In the fourth of our Avoiding CMS Disaster series, we explore five ways organizations and their IT guardians can battle-harden their sites and applications against malicious attacks, protect sensitive customer data, and keep their business always open for business.

1. Vulnerability management

Identifying and mitigating software vulnerabilities can be an overwhelming task, even for the largest IT teams

Vulnerability management requires on-going identification, classification, prioritization, managing, and remediation of vulnerabilities within your organization’s infrastructure.

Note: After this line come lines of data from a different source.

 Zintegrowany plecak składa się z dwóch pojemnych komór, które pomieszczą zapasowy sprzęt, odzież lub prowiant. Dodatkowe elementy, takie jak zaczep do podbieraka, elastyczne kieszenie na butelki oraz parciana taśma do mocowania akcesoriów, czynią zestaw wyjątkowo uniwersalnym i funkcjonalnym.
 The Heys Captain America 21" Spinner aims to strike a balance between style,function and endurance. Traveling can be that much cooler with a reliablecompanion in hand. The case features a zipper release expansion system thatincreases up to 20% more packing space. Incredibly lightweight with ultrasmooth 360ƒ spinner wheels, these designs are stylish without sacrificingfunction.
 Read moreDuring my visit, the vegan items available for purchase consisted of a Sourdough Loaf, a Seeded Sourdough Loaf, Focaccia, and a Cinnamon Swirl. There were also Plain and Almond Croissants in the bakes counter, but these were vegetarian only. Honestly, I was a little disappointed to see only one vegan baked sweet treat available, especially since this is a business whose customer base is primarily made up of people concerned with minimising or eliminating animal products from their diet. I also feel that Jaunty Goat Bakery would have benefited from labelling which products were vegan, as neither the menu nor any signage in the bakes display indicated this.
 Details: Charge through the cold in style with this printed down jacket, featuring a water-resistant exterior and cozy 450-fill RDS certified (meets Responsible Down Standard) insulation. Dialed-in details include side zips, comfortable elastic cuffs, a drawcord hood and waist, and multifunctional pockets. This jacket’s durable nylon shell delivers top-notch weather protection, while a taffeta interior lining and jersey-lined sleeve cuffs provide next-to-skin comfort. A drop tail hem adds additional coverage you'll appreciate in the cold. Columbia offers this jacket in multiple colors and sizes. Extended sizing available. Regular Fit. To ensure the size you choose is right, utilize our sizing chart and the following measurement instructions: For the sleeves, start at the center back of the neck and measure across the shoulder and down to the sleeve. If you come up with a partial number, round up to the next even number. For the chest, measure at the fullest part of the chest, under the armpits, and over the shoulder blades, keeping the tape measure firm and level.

According to the UK’s National Cyber Security Centre, “Exploitation of known vulnerabilities in software remains the greatest cause of security incidents.”

Vulnerability scanning

Periodic scanning of your network to monitor for any new vulnerabilities or unintended open access to machines is a must for any organization that wants to minimize their attack surface. Unfortunately, maintaining scanning software, reviewing the scan results, and actioning them often fall down the list of priorities in a busy IT department.

The WordPress VIP answer:

Our platform provides security throughout your network—from edge security to protection of data in transit between components. For example, DDoS protection continuously monitors web traffic and takes active mitigation steps when suspicious activity is detected. Network and host-based firewalls with real-time notification processes are there to prevent unauthorized access attempts.

Vulnerability remediation

Keeping the application layer updated is just one step in the process. All the supporting layers and infrastructure need to be kept up to date, too. Sometimes vulnerabilities are exposed that don’t have an immediate patch or require mitigation in your codebase.

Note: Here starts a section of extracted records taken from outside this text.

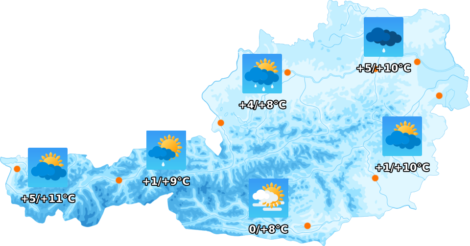 Die neue Woche beginnt windig und unbeständig. Dabei überwiegen am Montag die Wolken und es regnet vor allem in den südlichen Landesteilen häufig, nördlich der Donau gibt es speziell am Nachmittag auch trockene Abschnitte. Es bleibt mild mit Höchstwerten zwischen +8 und +11 Grad. Trüb und regnerisch präsentiert sich dann auch der Dienstag, im Nordstau der Alpen sind dabei größere Regenmengen zu erwarten. Am Mittwoch beruhigt sich das Wetter, die Temperaturen steigen auf Werte um +15 Grad.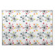 This cloth placemat has a mid-century modern design of starbursts scattered all over with circles on the end.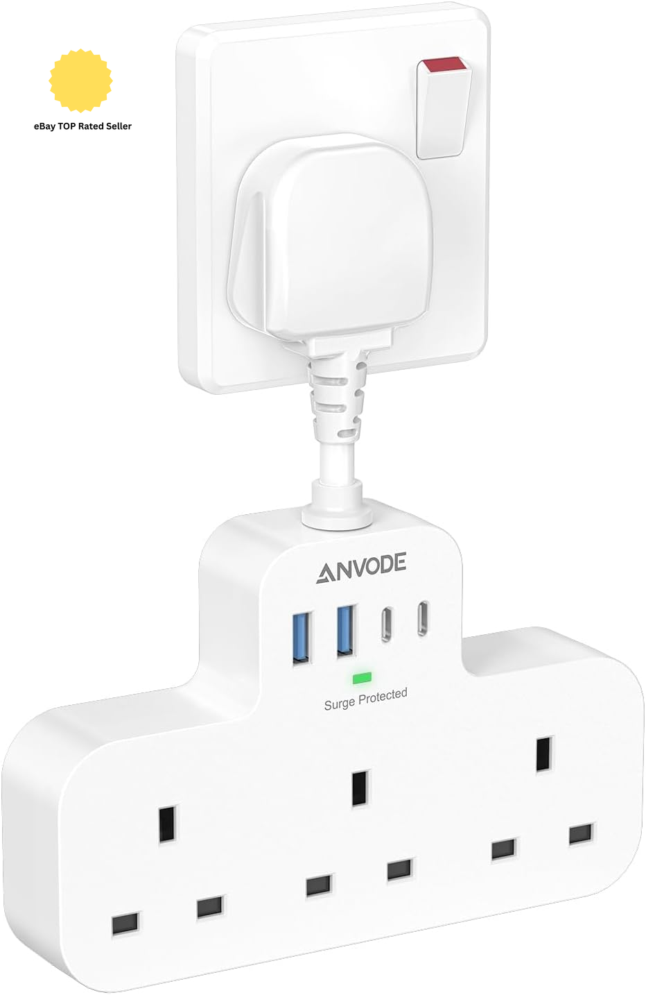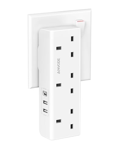 Multi Plug Extension Socket with USB C, ANVODE 3 Way Plug Adaptor with Flexible Socket, Adapter Plug UK Turn 1 to 7, Short Extension Lead Power Strip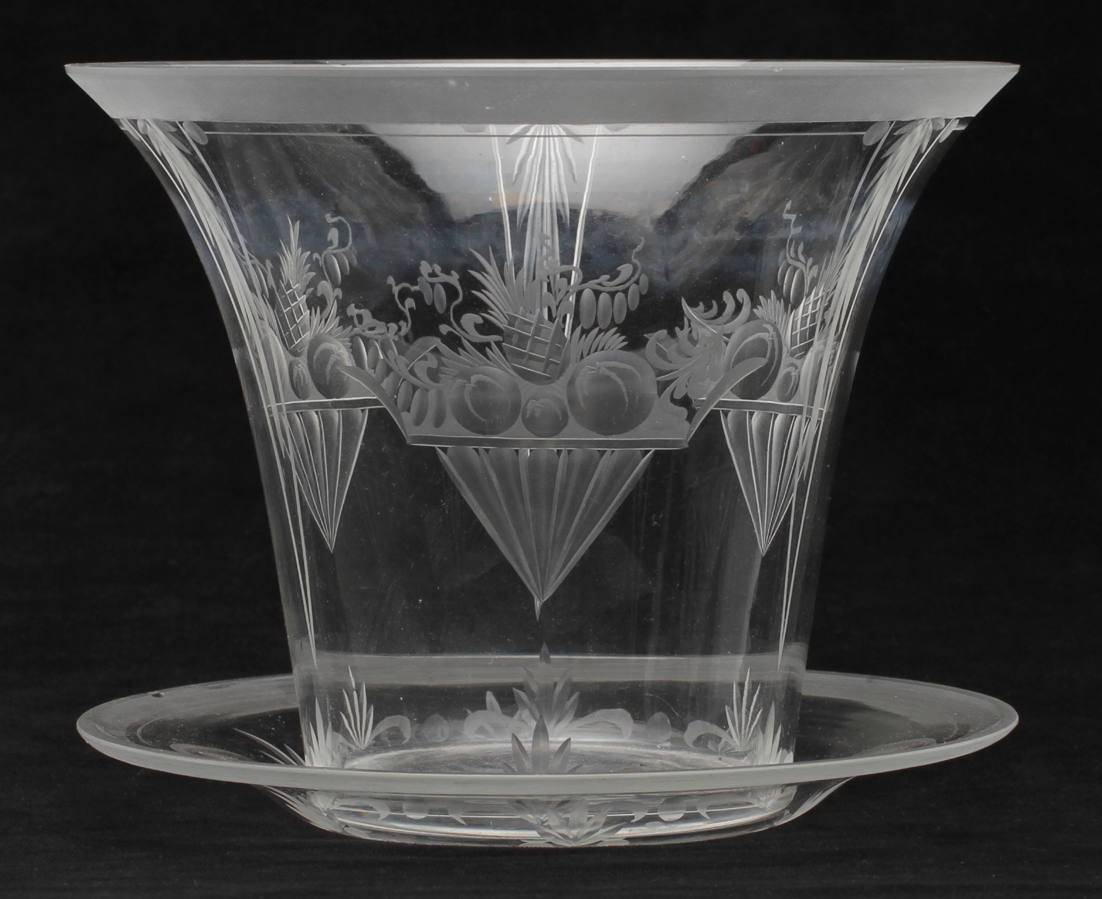 41610. OBSTSCHALE mit TELLER, Glas, signiert Kjellander.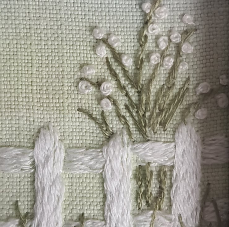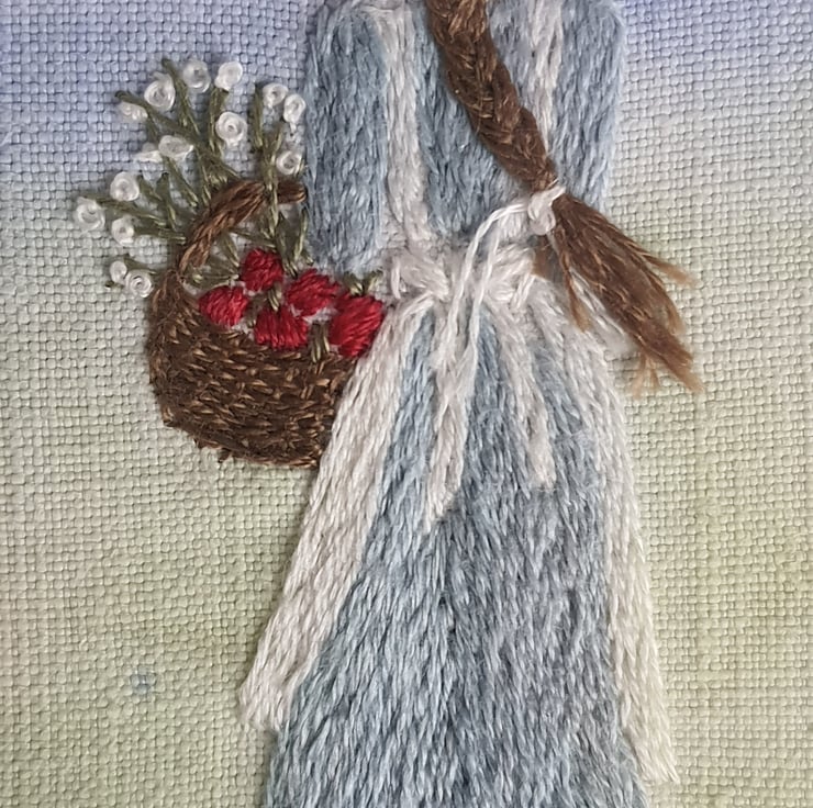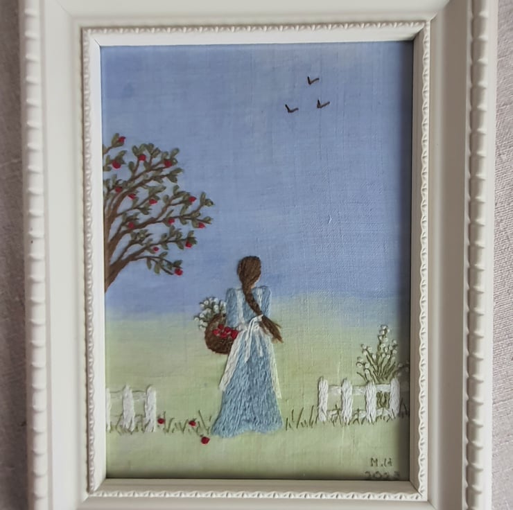This beautiful picture is hand embroidered onto a water colour painted linen background and framed in a white painted frame measuring 23 x 18 cms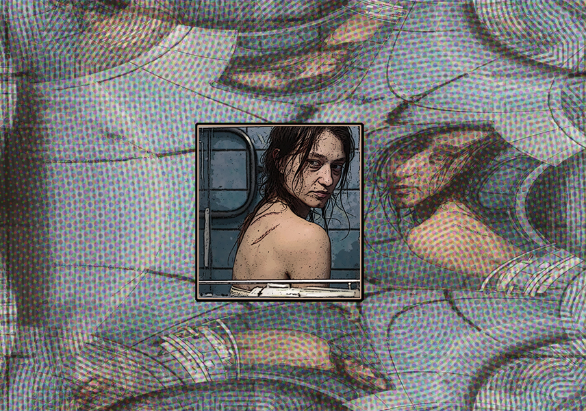 Continuing my exploration of European streaming services, here (from MUBI.COM) is a still from a Ukrainian film "Butterfly Vision" (2022) about a female Ukrainian soldier's return to her family after a prisoner exchange. Here, she takes her first shower after her return and cooly examines the signs of rape and beatings by her Russian captors.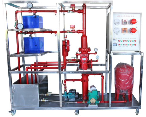 本系統全部元器件均采用標準工程件,整個(gè)實(shí)訓裝置主要由報警閥、蝶閥、排氣閥、水流、指示器、灑水噴頭、水箱、高位水箱、主泵、輔泵、控制電器、管路系統等組成。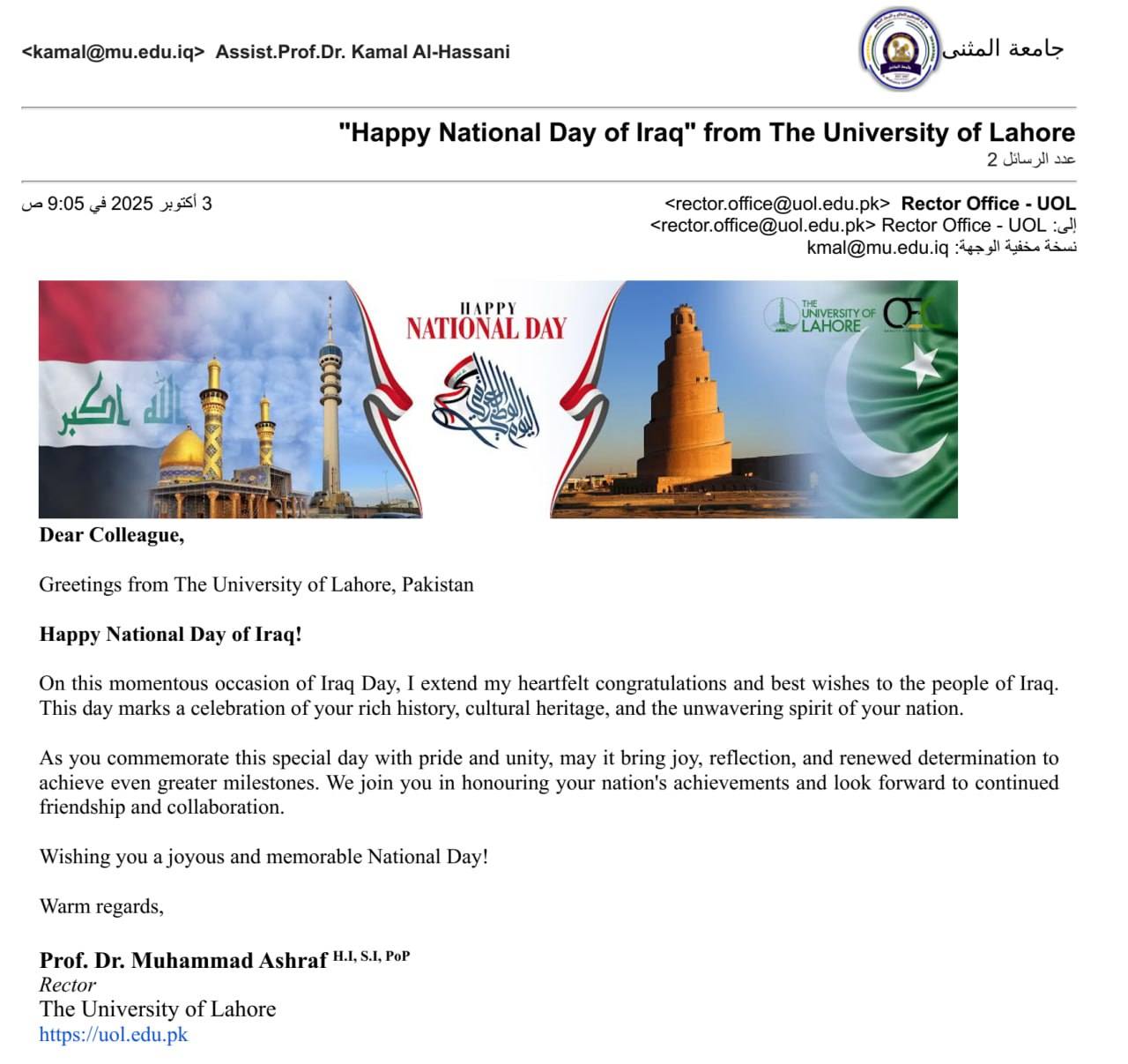 14 أكتوبر عميد الكلية (أ.م.د. كمال كاظم الحسني) يتلقى رسالة تهنئة من رئيس جامعة لاهور الباكستانية (الاستاذ الدكتور محمد أشرف) بمناسبة العيد الوطني لجمهورية العراق.

To keep your applications infrastructure up to date requires multiple steps, including:

  • Checking for updates for each piece of software
  • Building the new release
  • Testing on your non-production architecture
  • Ensuring no new issues are introduced and subsequently fixing any that are
  • Putting your production application into maintenance mode and rolling out your updates

Note: All these steps should be done with every patch available at every layer of your application.

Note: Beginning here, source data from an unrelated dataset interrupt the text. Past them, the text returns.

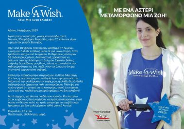 Ένα χάρτινο αστέρι εδώ και 21 χρόνια «ταξιδεύει» σε ελληνικά σχολεία με την έγκριση του Υπουργείου Παιδείας και μεταφέρει ξεχωριστά μηνύματα αγάπης και αισιοδοξίας. Είναι το Αστέρι της Ευχής του Make-A-Wish (Κάνε-Μια-Ευχή Ελλάδος) και για πρώτη φορά φέτος, με την κινητοποίηση να έχει ξεπεράσει κάθε προηγούμενο, ο Οργανισμός θα καταφέρει να αποστείλει ενημερωτικό υλικό σε όλα τα σχολεία της χώρας μας.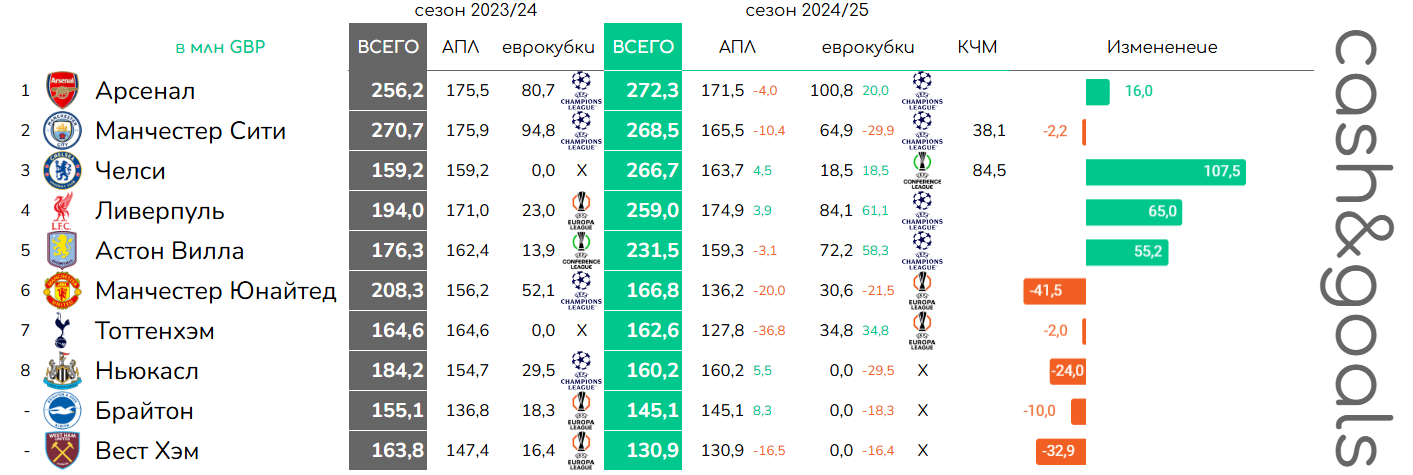 «Ньюкасл», «Брайтон» и «Вест Хэм» остались без еврокубков, что привело к снижению доходов. Однако первые два клуба улучшили позиции в АПЛ, тогда как «молотобойцы» просели по всем направлениям.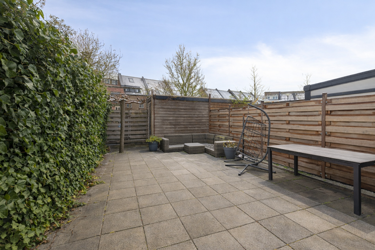 De achtertuin is gelegen op het noorden en biedt een rustige, lichte buitenruimte. Daarnaast is er een praktische, vrijstaande houten berging aanwezig, ideaal voor het opbergen van tuinspullen en fietsen.

Specifically for WordPress, it’s not just keeping core and underlying infrastructure up to date. Third-party themes and plugins must be updated and patched regularly. It’s also important to recognize the quality of third-party plugins added to your WordPress site. Some might be poorly coded or introduce security vulnerabilities—neglectfully or maliciously. Tools such as WPScan, SonarQube, or PHP_CodeSniffer can help automate your code reviews to catch unwanted exploits being introduced.

The WordPress VIP answer:

Our platform is managed by active members of the WordPress community. When an issue arises, we immediately patch it, often ahead of the fix getting pushed to WordPress core code. Meanwhile, we proactively alert all customers of: 1) upcoming, automated WordPress updates, checking to make sure they’re on the latest version of our platform, and 2) plugin exploits in the wild and attempts to patch these issues at a platform level.

Going deeper, we use automated code scans for pull requests created in an application’s GitHub repository. This can identify potential security concerns before code goes into production (and is useful for evaluating plugins from the wider WordPress ecosystem.) Leveraging our Kubernetes orchestration, WordPress VIP provides zero downtime deployments for customers’ applications.

Finally, based on years of experience running WordPress at scale, we can mitigate common attack vectors—thanks to continuously testing our infrastructure for vulnerabilities and engaging independent third parties to run penetration tests against it.

2. Network security

Network security is a vital part of an organization’s online presence. 

Best-in-class security means managing both perimeter-based security and internal network security. Here multiple factors must be considered and managed to effectively protect users and their data.

Intrusion detection systems

Monitoring and logging all network traffic is essential in identifying malicious or suspicious activity. To prevent unauthorized access, security teams need either automated rules or alert system administrators to review suspicious traffic and take appropriate action.

Firewalls

Understanding what traffic is allowed to traverse your network and how applications communicate within and outside the network is a must to minimize security risks. This means setting and reviewing ingress/egress rules using either software or hardware firewalls, which allow only essential network traffic for your applications to run. 

Blocking or allowing the wrong traffic could prevent a vital system from performing or, worse, expose your database to the world.

Physical network security

A network is only as secure as its physical security. The best firewalls, intrusion detection systems, and threat management software can all be circumvented by a malicious actor gaining physical access to your servers.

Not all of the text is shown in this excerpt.